The task.
What is needed is a verbatim copy of the data, minus the pictures.

━━━

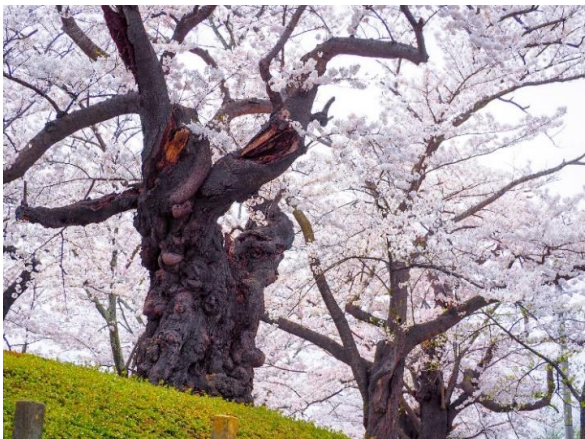
140年以上、開拓の心を伝え続ける染井吉野。

「染井吉野」は江戸時代末期に染井村（現在の東京都豊島区）から供給され広まった単一クローンの栽培品種で、元々一つだった木から挿し木や接ぎ木で増やした品種。
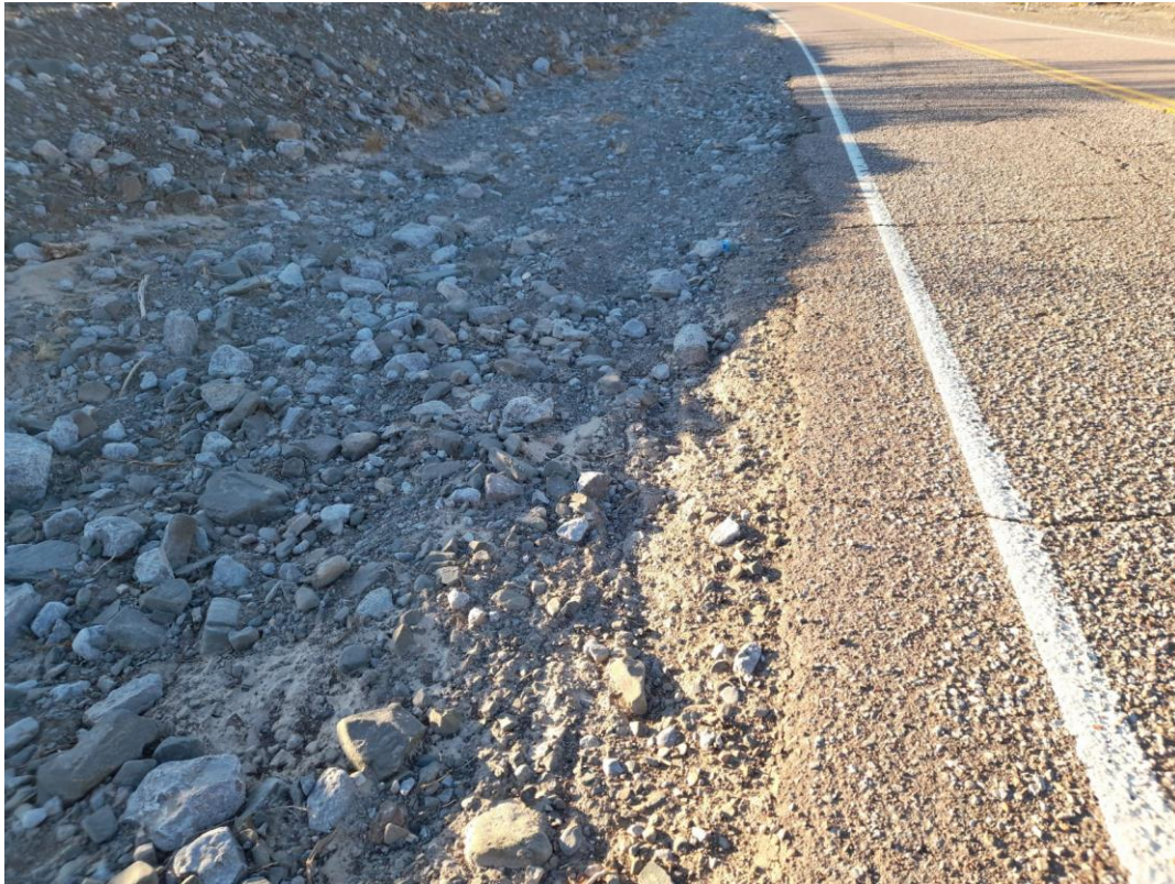
Foto: Estado general de banquetas.
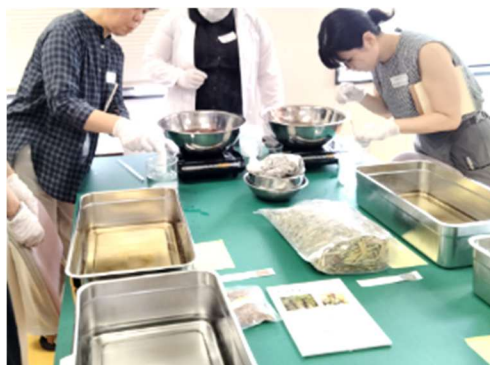
写真-4 天然染料染色による布のクロマトグラフィー分析
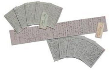
▲ 広岡浅子直筆の書簡[複製]
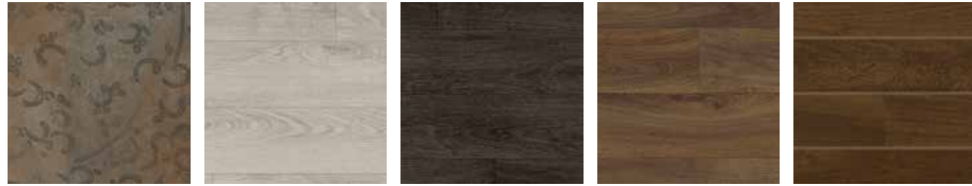
MEDALLION Dark Brown 2590 5137 OAK Grey 2590 5147 OAK Black 2590 5038 OAK Brown 2590 5153 SHIP DECK Silver Brown 2590 5159

Gulvene finnes i to forskjellige utførelser: størst mønster og fargevalg finnes på 2 meters bredde . 2 m gulvene er ftalatfrie.
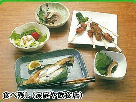
食べ残し(家庭や飲食店)

━━━

Response to the task.
140年以上、開拓の心を伝え続ける染井吉野。

「染井吉野」は江戸時代末期に染井村（現在の東京都豊島区）から供給され広まった単一クローンの栽培品種で、元々一つだった木から挿し木や接ぎ木で増やした品種。
Foto: Estado general de banquetas.
写真-4 天然染料染色による布のクロマトグラフィー分析
▲ 広岡浅子直筆の書簡[複製]
MEDALLION Dark Brown 2590 5137 OAK Grey 2590 5147 OAK Black 2590 5038 OAK Brown 2590 5153 SHIP DECK Silver Brown 2590 5159

Gulvene finnes i to forskjellige utførelser: størst mønster og fargevalg finnes på 2 meters bredde . 2 m gulvene er ftalatfrie.
食べ残し(家庭や飲食店)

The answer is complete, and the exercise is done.